Data extract:
┄┄┄┄┄┄

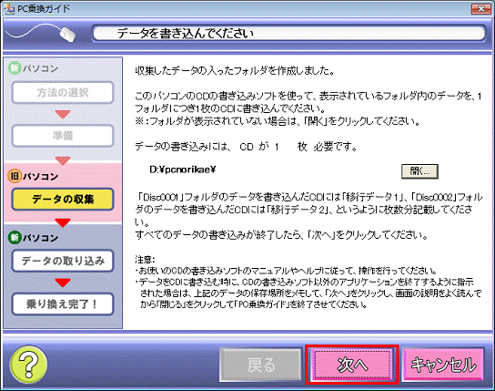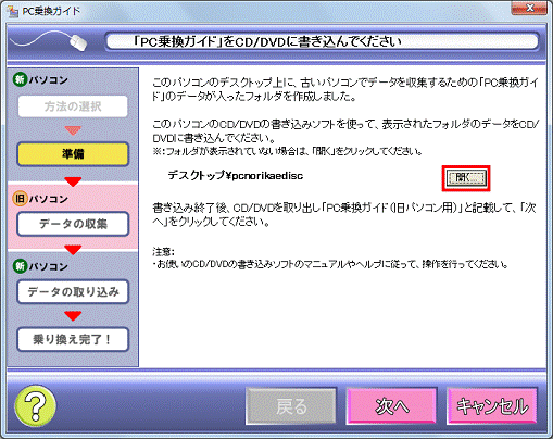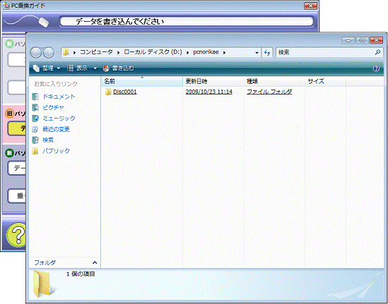 - 「「PC乗換ガイド」をCD/DVDに書き込んでください」と表示され、同時に「pcnorikaedisc」フォルダーが開きます。
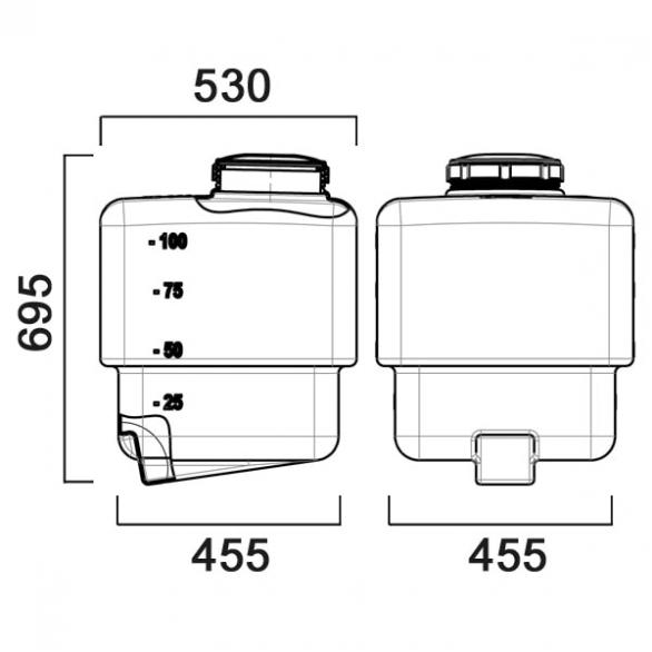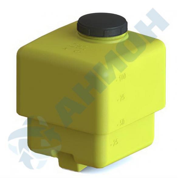 Емкость 120 л имеет дно с уклоном для обеспечения полного слива. На боковой поверхности пластиковой емкости нанесена условная градуировка объема. Емкость пластиковая комплектуется крышкой диаметром 200 мм. Под крышку емкости возможна установка фильтра заливной горловины.
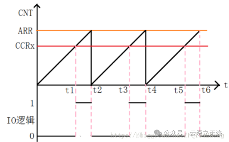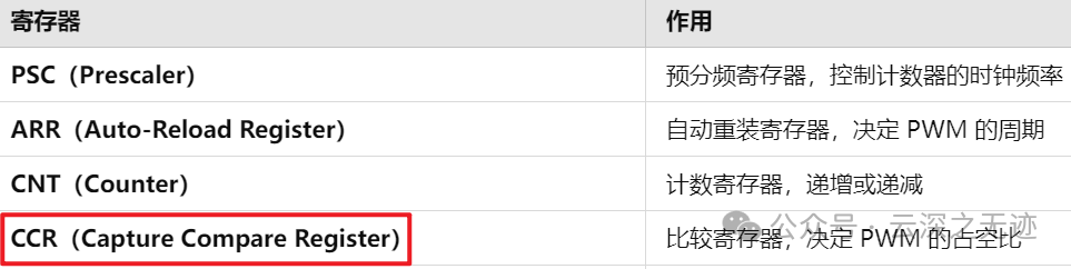 定时器有一个比较寄存器(CCR),用来设定高电平持续时间(Ton):
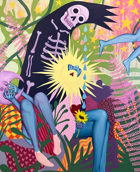 Where his canvas becomes a personal journalistic excavation, such paintings inevitably come to reflect and interpret a unified humanity. At its core, Upon a Star, honours the range of human experiences as indebted to a life of continuous growth and transformation. The artist reminds us that while tomorrow is never promised, hope and beauty will always surround us in some way. Woven together through repeated iconography and symbolism, he creates a visual language that speaks to the surreal nature of our lives and eternally liminal presence amongst the stars we reside.
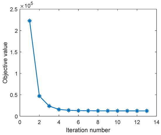 Figure 16a shows the triangular mesh of a curved surface; the number of vertices and faces are 2341 and 4278, respectively. A few vertices are chosen as the control points, and the vectors at the control points can be planned manually, usually along the skeleton of the curved surface; then, the vector field on the entire surface can be calculated by Equation (3), as shown in Figure 16b. The path planning method proposed in Section 2.4 is used to generate a continuous path that is aligned with the defined vector field. Figure 17a shows the planned path without optimizing the path interval. It can be found that the printing paths are very close at certain places, which may lead to material redundancy. The printing path interval is then optimized by solving the optimization problem in Equation (10). Figure 18 shows the iteration curve of the optimization; it can be seen that the objective function quickly converges to a constant after 5 steps. The final optimized printing path is shown in Figure 17b; it can be found that the path overlap is effectively reduced, and the path interval is a constant. The path optimization algorithm adjusts the path intervals to avoid narrow clearances between adjacent paths. After optimization, the total path is smoothed using the Laplacian smoothing method. However, this process may lead to shrinkage at sharp 180° turns as the smoothing tends to reduce the size of these corners. This is a limitation of our method. One possible solution to this problem is to use a more advanced smoothing algorithm that better handles shrinkage at 180° turns.
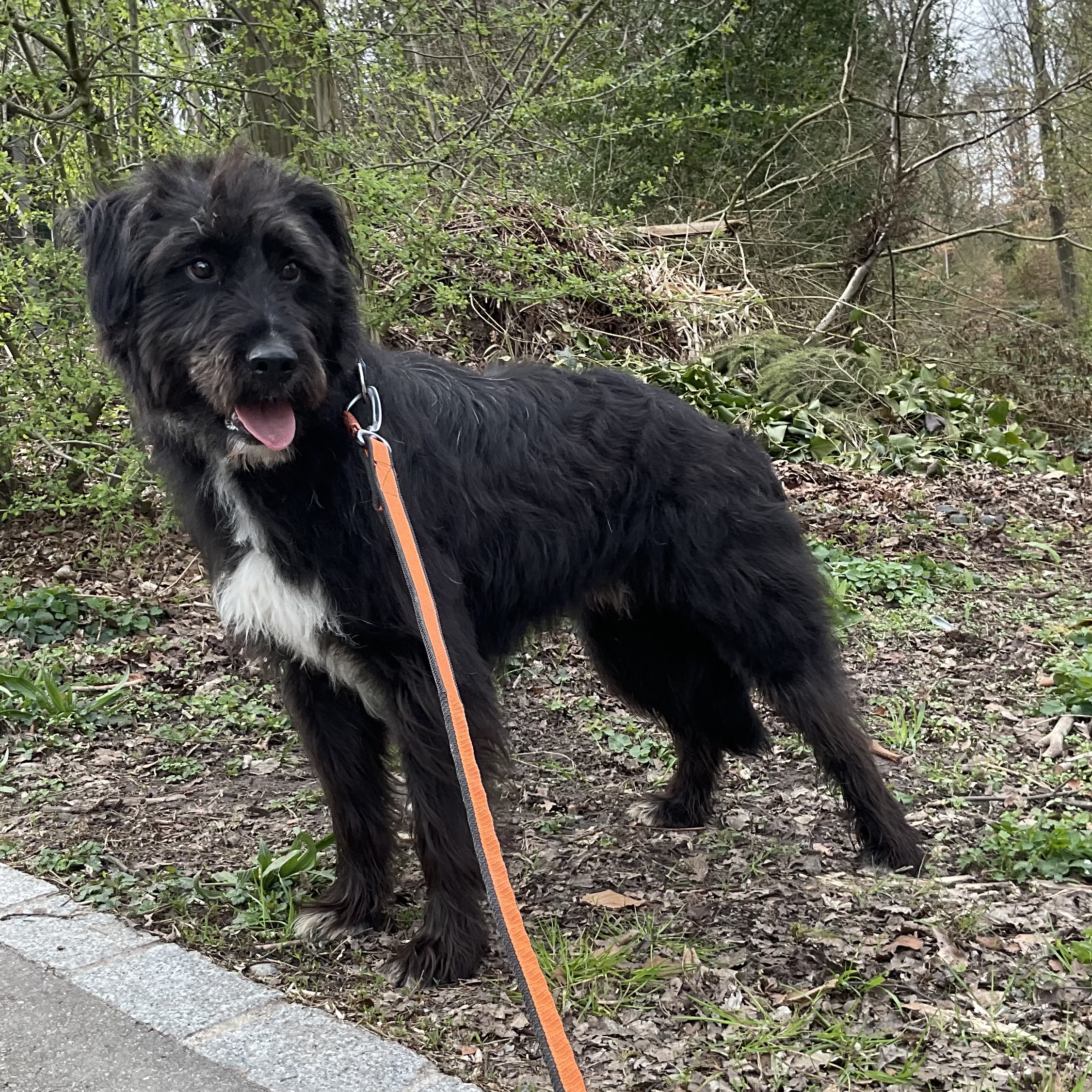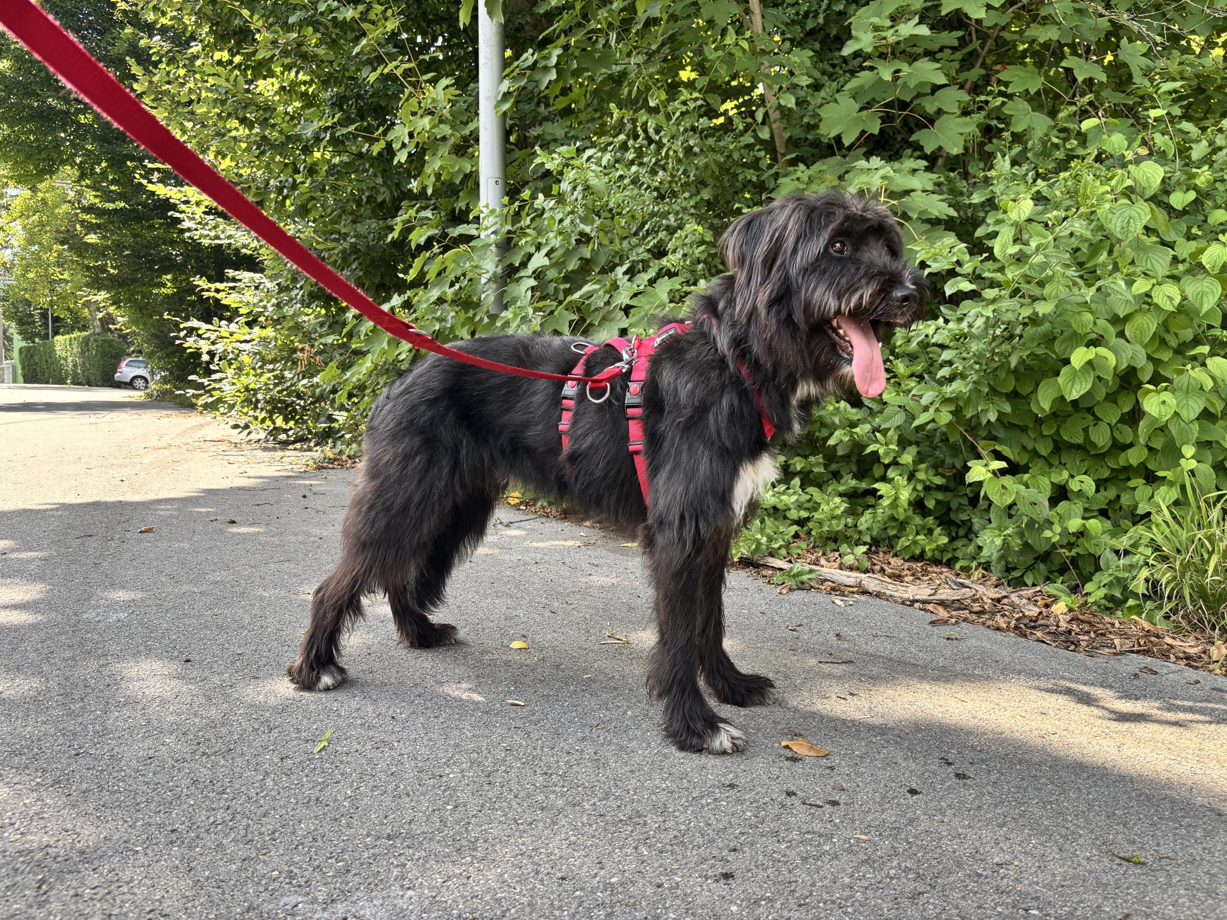 Jim, der wuschelige Mischlingsrüde, ist am 1.8.2022 in Ungarn geboren, er bringt bei 57 cm 23.7kg auf die Waage.

┄┄┄┄┄┄

Problem description:
Repeat the records above exactly, omitting every picture.

Result of this exercise:
 - 「「PC乗換ガイド」をCD/DVDに書き込んでください」と表示され、同時に「pcnorikaedisc」フォルダーが開きます。
 Емкость 120 л имеет дно с уклоном для обеспечения полного слива. На боковой поверхности пластиковой емкости нанесена условная градуировка объема. Емкость пластиковая комплектуется крышкой диаметром 200 мм. Под крышку емкости возможна установка фильтра заливной горловины.
 定时器有一个比较寄存器(CCR),用来设定高电平持续时间(Ton):
 Where his canvas becomes a personal journalistic excavation, such paintings inevitably come to reflect and interpret a unified humanity. At its core, Upon a Star, honours the range of human experiences as indebted to a life of continuous growth and transformation. The artist reminds us that while tomorrow is never promised, hope and beauty will always surround us in some way. Woven together through repeated iconography and symbolism, he creates a visual language that speaks to the surreal nature of our lives and eternally liminal presence amongst the stars we reside.
 Figure 16a shows the triangular mesh of a curved surface; the number of vertices and faces are 2341 and 4278, respectively. A few vertices are chosen as the control points, and the vectors at the control points can be planned manually, usually along the skeleton of the curved surface; then, the vector field on the entire surface can be calculated by Equation (3), as shown in Figure 16b. The path planning method proposed in Section 2.4 is used to generate a continuous path that is aligned with the defined vector field. Figure 17a shows the planned path without optimizing the path interval. It can be found that the printing paths are very close at certain places, which may lead to material redundancy. The printing path interval is then optimized by solving the optimization problem in Equation (10). Figure 18 shows the iteration curve of the optimization; it can be seen that the objective function quickly converges to a constant after 5 steps. The final optimized printing path is shown in Figure 17b; it can be found that the path overlap is effectively reduced, and the path interval is a constant. The path optimization algorithm adjusts the path intervals to avoid narrow clearances between adjacent paths. After optimization, the total path is smoothed using the Laplacian smoothing method. However, this process may lead to shrinkage at sharp 180° turns as the smoothing tends to reduce the size of these corners. This is a limitation of our method. One possible solution to this problem is to use a more advanced smoothing algorithm that better handles shrinkage at 180° turns.
 Jim, der wuschelige Mischlingsrüde, ist am 1.8.2022 in Ungarn geboren, er bringt bei 57 cm 23.7kg auf die Waage.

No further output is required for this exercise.